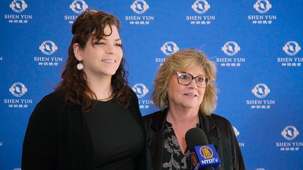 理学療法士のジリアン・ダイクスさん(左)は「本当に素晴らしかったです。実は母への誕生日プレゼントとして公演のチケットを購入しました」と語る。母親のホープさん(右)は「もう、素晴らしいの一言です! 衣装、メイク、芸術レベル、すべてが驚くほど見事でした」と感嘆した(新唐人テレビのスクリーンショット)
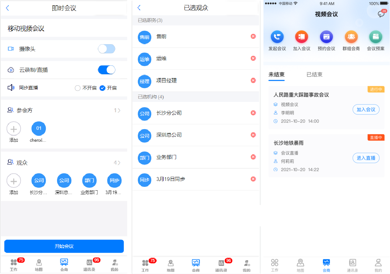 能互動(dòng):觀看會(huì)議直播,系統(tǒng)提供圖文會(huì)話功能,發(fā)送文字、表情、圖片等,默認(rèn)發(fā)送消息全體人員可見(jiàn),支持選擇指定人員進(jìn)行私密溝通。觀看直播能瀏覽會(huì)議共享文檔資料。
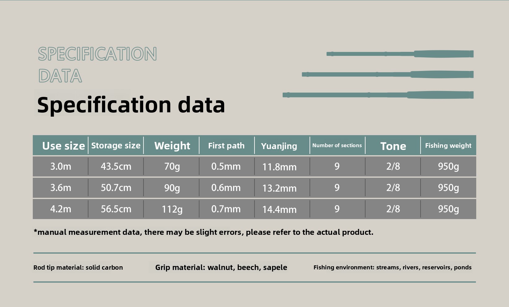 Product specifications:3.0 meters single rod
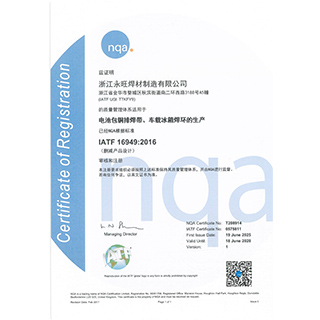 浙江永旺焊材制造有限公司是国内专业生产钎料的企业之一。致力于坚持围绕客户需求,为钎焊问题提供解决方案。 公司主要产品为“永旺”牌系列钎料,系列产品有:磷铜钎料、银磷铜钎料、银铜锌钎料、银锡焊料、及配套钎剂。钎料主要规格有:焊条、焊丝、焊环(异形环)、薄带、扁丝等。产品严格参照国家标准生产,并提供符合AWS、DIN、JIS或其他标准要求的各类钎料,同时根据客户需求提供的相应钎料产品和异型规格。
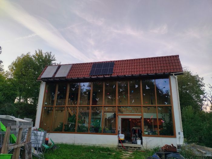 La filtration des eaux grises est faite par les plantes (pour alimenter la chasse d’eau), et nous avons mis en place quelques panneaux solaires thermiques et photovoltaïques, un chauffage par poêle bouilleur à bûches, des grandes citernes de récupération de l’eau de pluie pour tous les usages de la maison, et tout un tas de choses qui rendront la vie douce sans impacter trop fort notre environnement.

...

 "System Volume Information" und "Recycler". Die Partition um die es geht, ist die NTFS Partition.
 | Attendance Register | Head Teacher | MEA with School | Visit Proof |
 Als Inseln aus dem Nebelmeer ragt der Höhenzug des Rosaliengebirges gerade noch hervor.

* [WORK INSTRUCTION]
From the records above, extract the lines from the one holding "理学療法士のジリアン・ダイク" through the one holding "能互動(dòng):觀看會(huì)議直", word for word; omit the pictures.

* [TASK RESULT]
 理学療法士のジリアン・ダイクスさん(左)は「本当に素晴らしかったです。実は母への誕生日プレゼントとして公演のチケットを購入しました」と語る。母親のホープさん(右)は「もう、素晴らしいの一言です! 衣装、メイク、芸術レベル、すべてが驚くほど見事でした」と感嘆した(新唐人テレビのスクリーンショット)
 能互動(dòng):觀看會(huì)議直播,系統(tǒng)提供圖文會(huì)話功能,發(fā)送文字、表情、圖片等,默認(rèn)發(fā)送消息全體人員可見(jiàn),支持選擇指定人員進(jìn)行私密溝通。觀看直播能瀏覽會(huì)議共享文檔資料。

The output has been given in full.